## MATERIAL PROVIDED:
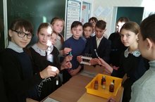 В рамках работы муниципальной акции "Неделя химии", посвященной 150-летию открытия Периодической системы Д.И.Менделеева, для учащихся 6в класса была проведена экскурсия по кабинету химии. Ученики познакомились с химической посудой, с занимательными опытами.
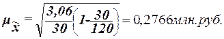 Вывод. С вероятностью 0,683 можно утверждать, что в генеральной совокупности регионов доля регионов с доходом бюджета 5 млн. руб. и выше будет находиться в пределах от 16,6% до 30,0%.
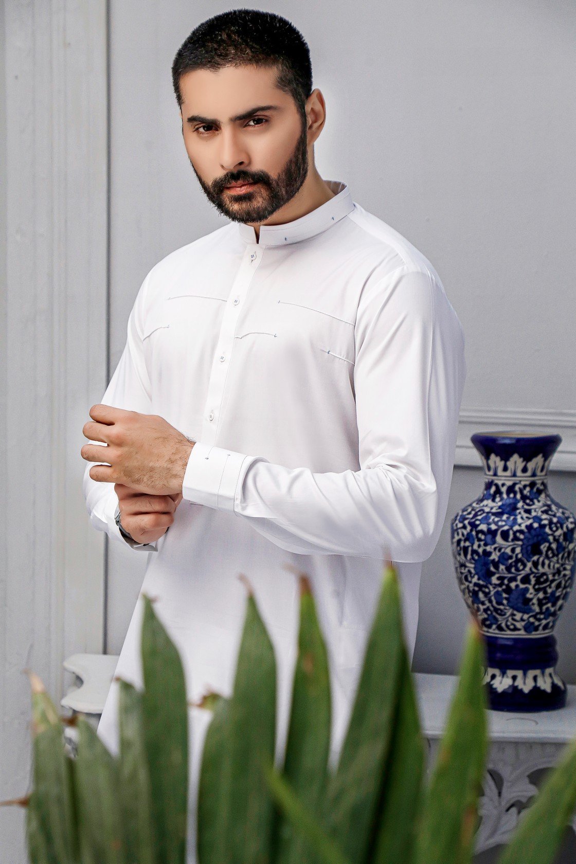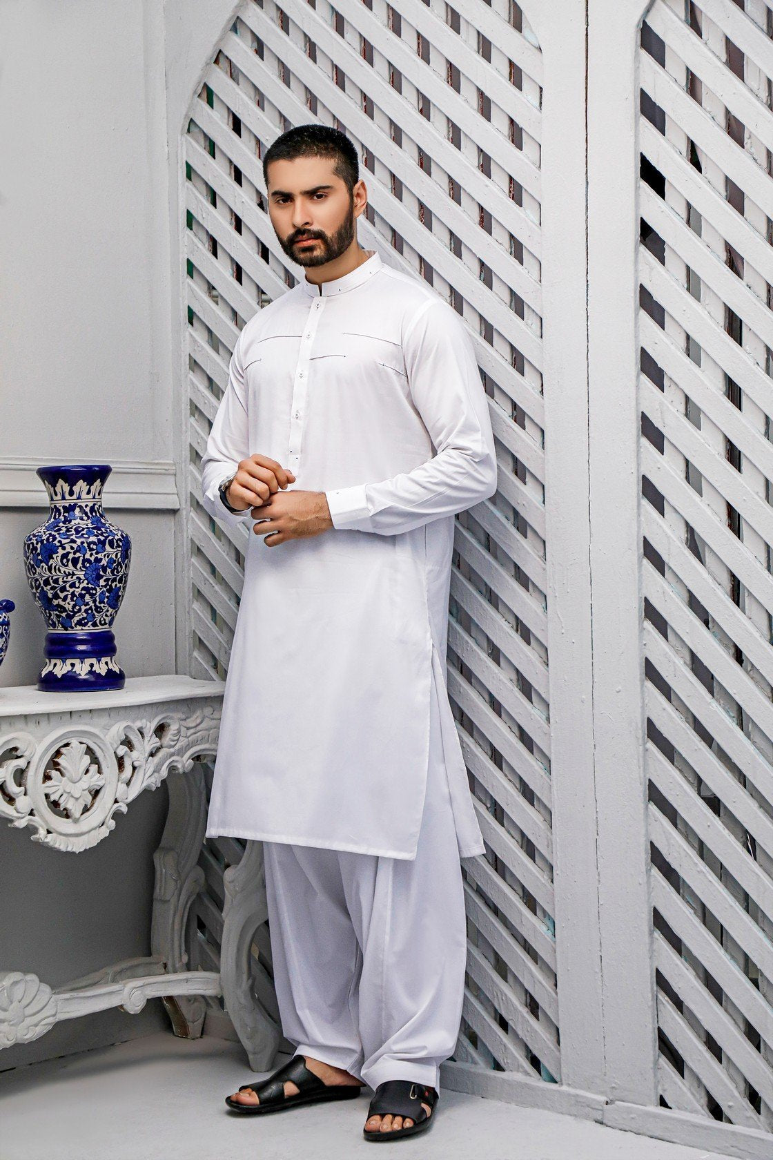 Festive Collection Men's Kameez Shalwar with elegant Stitching details on the Front.

## DIRECTIONS:
All lines from the beginning of the material through the line that holds "Вывод. С вероятностью", both included, should be returned exactly; please omit any pictures and add no other lines.

## RESPONSE TO THE EXERCISE:
 В рамках работы муниципальной акции "Неделя химии", посвященной 150-летию открытия Периодической системы Д.И.Менделеева, для учащихся 6в класса была проведена экскурсия по кабинету химии. Ученики познакомились с химической посудой, с занимательными опытами.
 Вывод. С вероятностью 0,683 можно утверждать, что в генеральной совокупности регионов доля регионов с доходом бюджета 5 млн. руб. и выше будет находиться в пределах от 16,6% до 30,0%.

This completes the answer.